Assise sur un banc de pierre, devant sa maison, Hortense Misanger songeait. Elle avait laissé tomber sur ses genoux le tricot qui occupait ses doigts ; depuis que les travaux de force prenaient son temps, c’est-à-dire depuis le commencement de la guerre, elle n’avait plus de goût aux menues besognes de femme.

Hortense songeait, les regards perdus au loin. Très belle autrefois, elle avait encore, à cinquante-huit ans sonnés, le front lisse et un teint mat sur lequel le hâle ne mordait pas. En un pays où les femmes négligent assez vite leur toilette, on la citait toujours pour sa belle tenue. On parlait d’elle avec respect.

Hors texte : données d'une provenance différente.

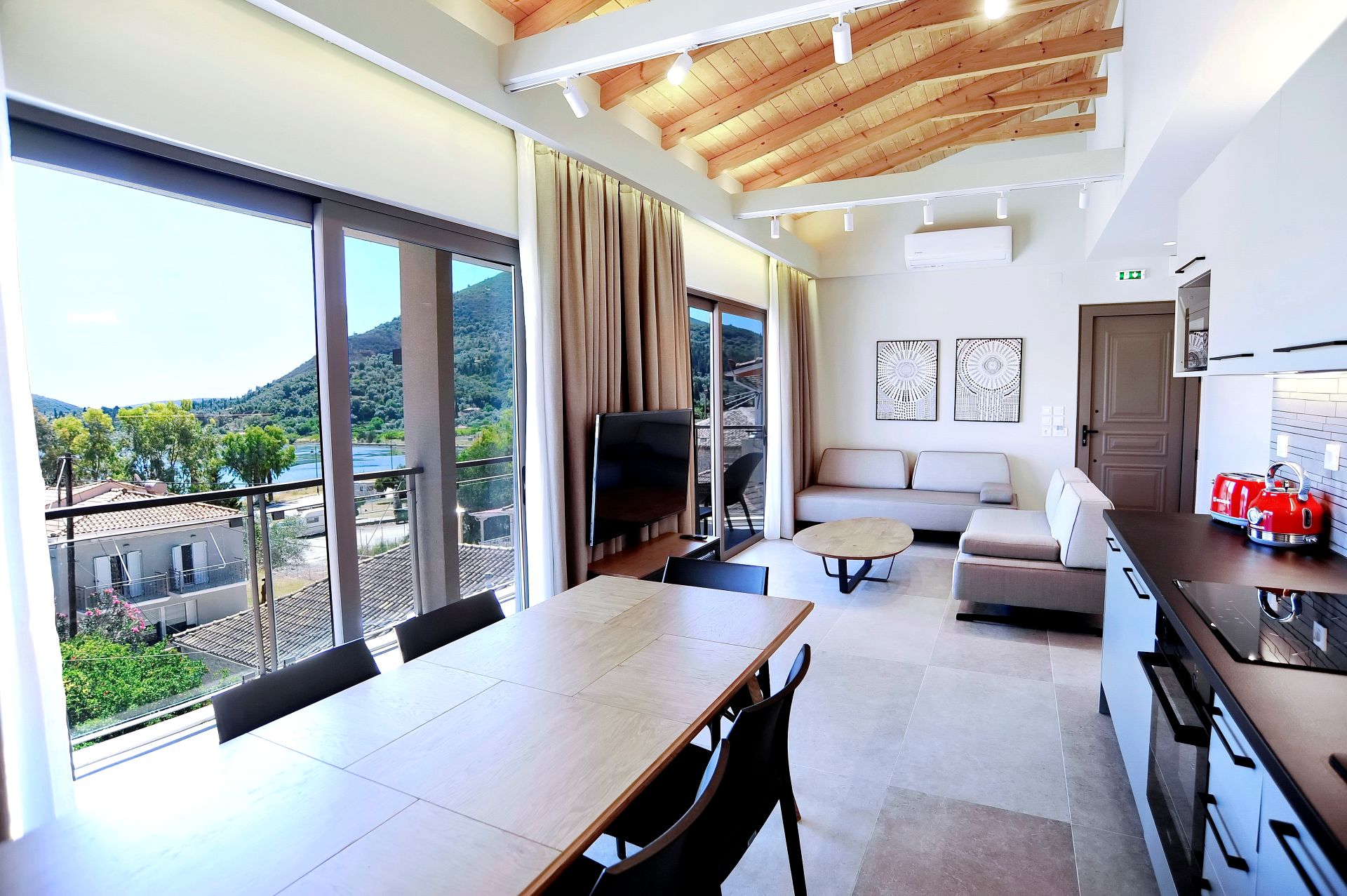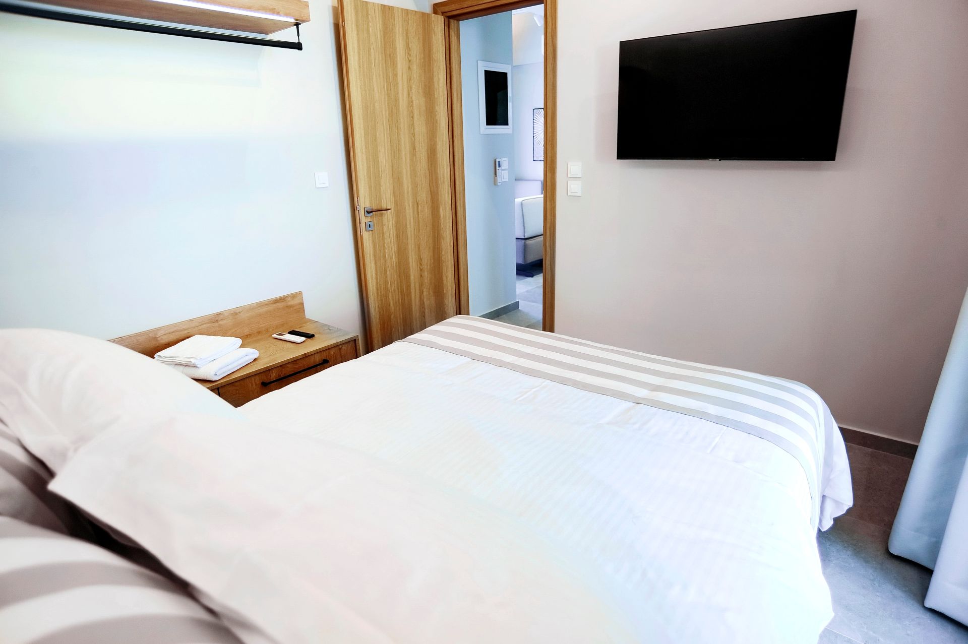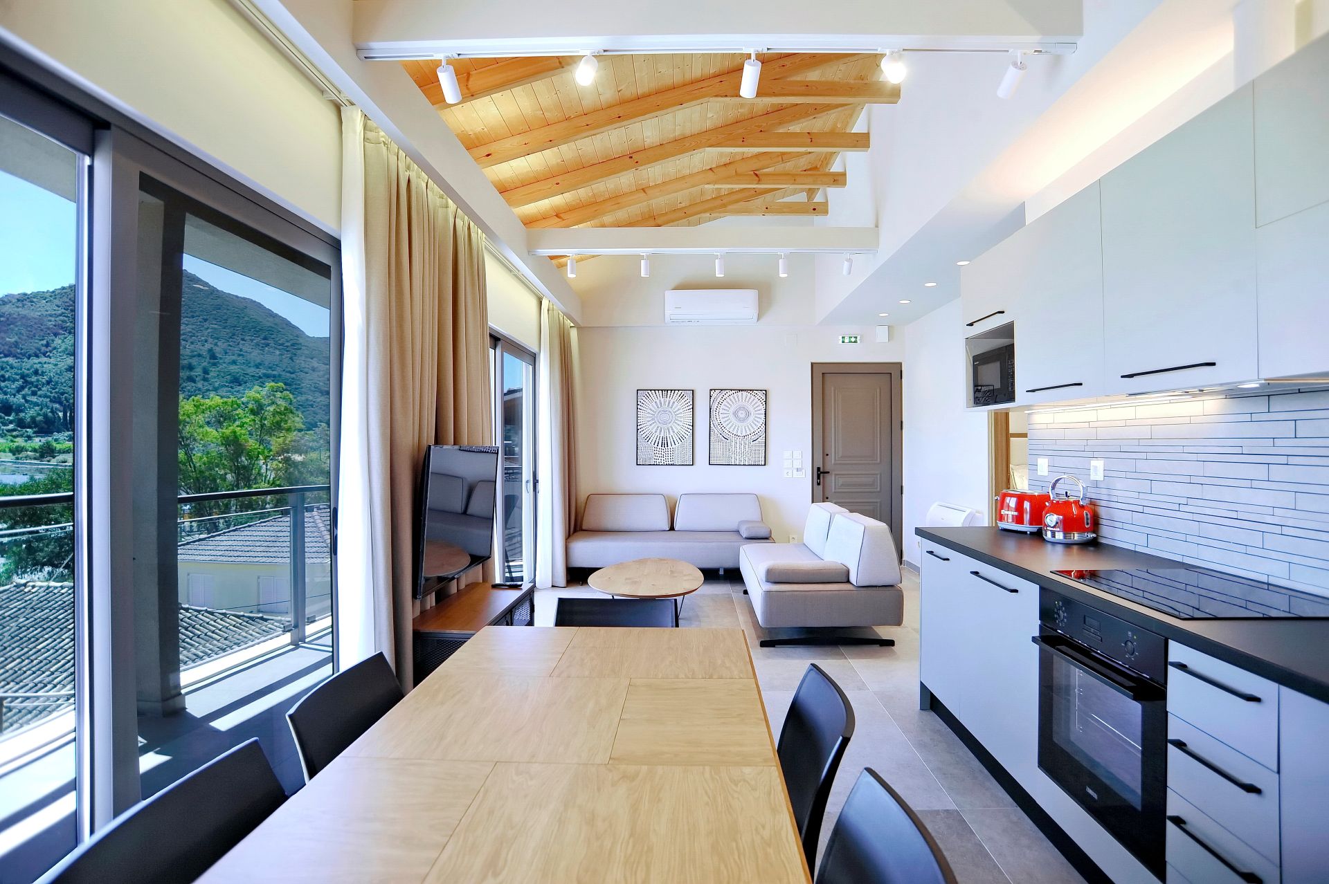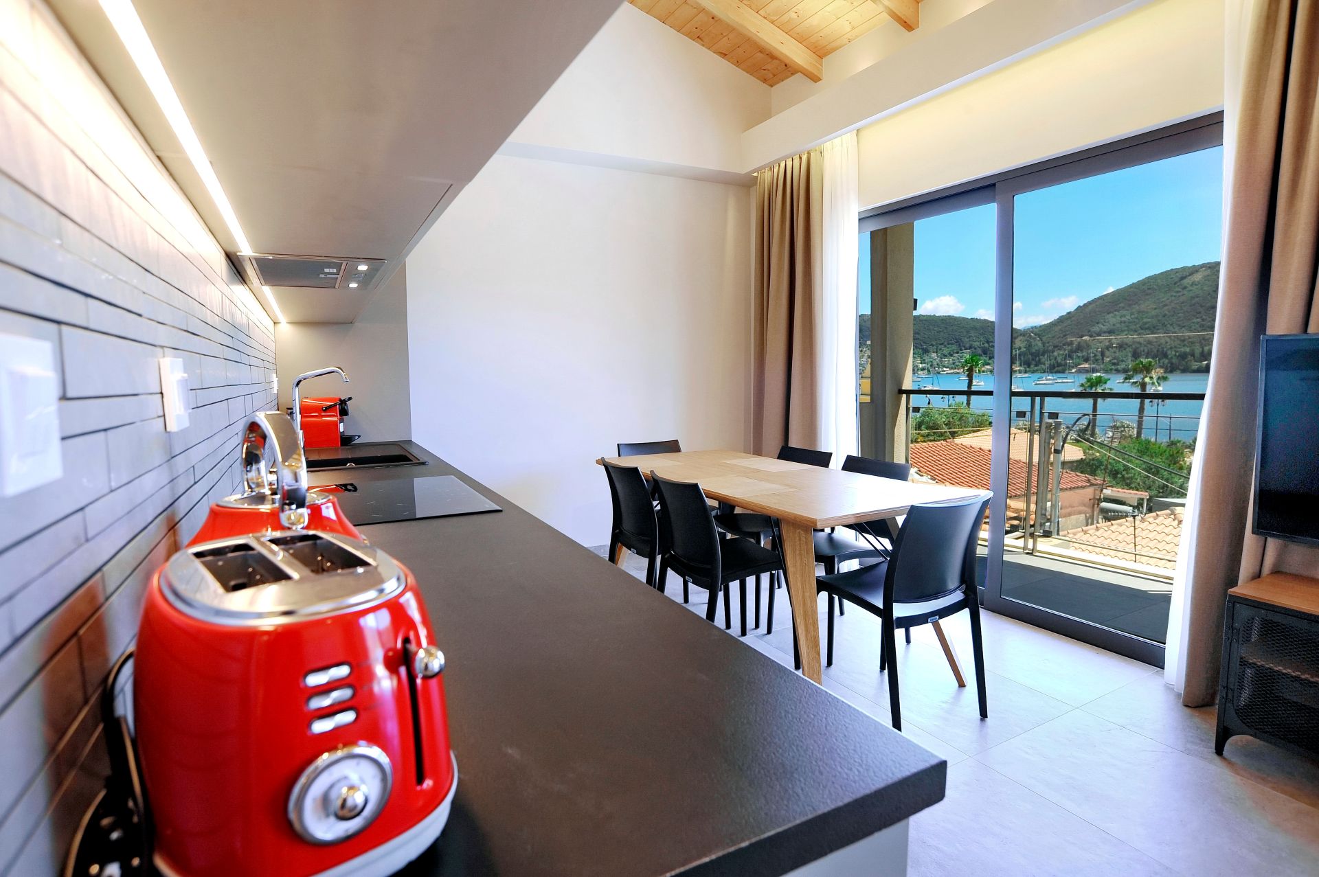 Suite Demy is located on the first floor of the building. The superior suite with 2 bedrooms, with double beds, A/C and flat screen Tv each one , can accommodate up to 6 people. You can have a pleasant moment of relaxation in the spacious living room and enjoy the magnificent view of the Geni gulf. The suite provides a bathroom with shower, fully equipped kitchen, free Wifi in the whole area, A/C, flat screen TV and all the amenities to make your vacation a unique experience.

Quelque temps avant la guerre, lorsque le gendre des Misanger avait pris à son compte la ferme de ses beaux-parents, ceux-ci s’étaient retirés sur leur bien de Château-Gallé. Ils avaient là une maison, un jardin, un pré dont ils vendaient le foin et cinq ou six boisselées de plaine : autant qu’il en fallait pour les occuper, car, si Hortense restait jeune de tournure et de volonté, il en allait autrement pour Misanger. Elle, pour tout le monde, demeurait la Grande Hortense ; lui, n’était plus que le père Claude. Cela marquait une grosse différence.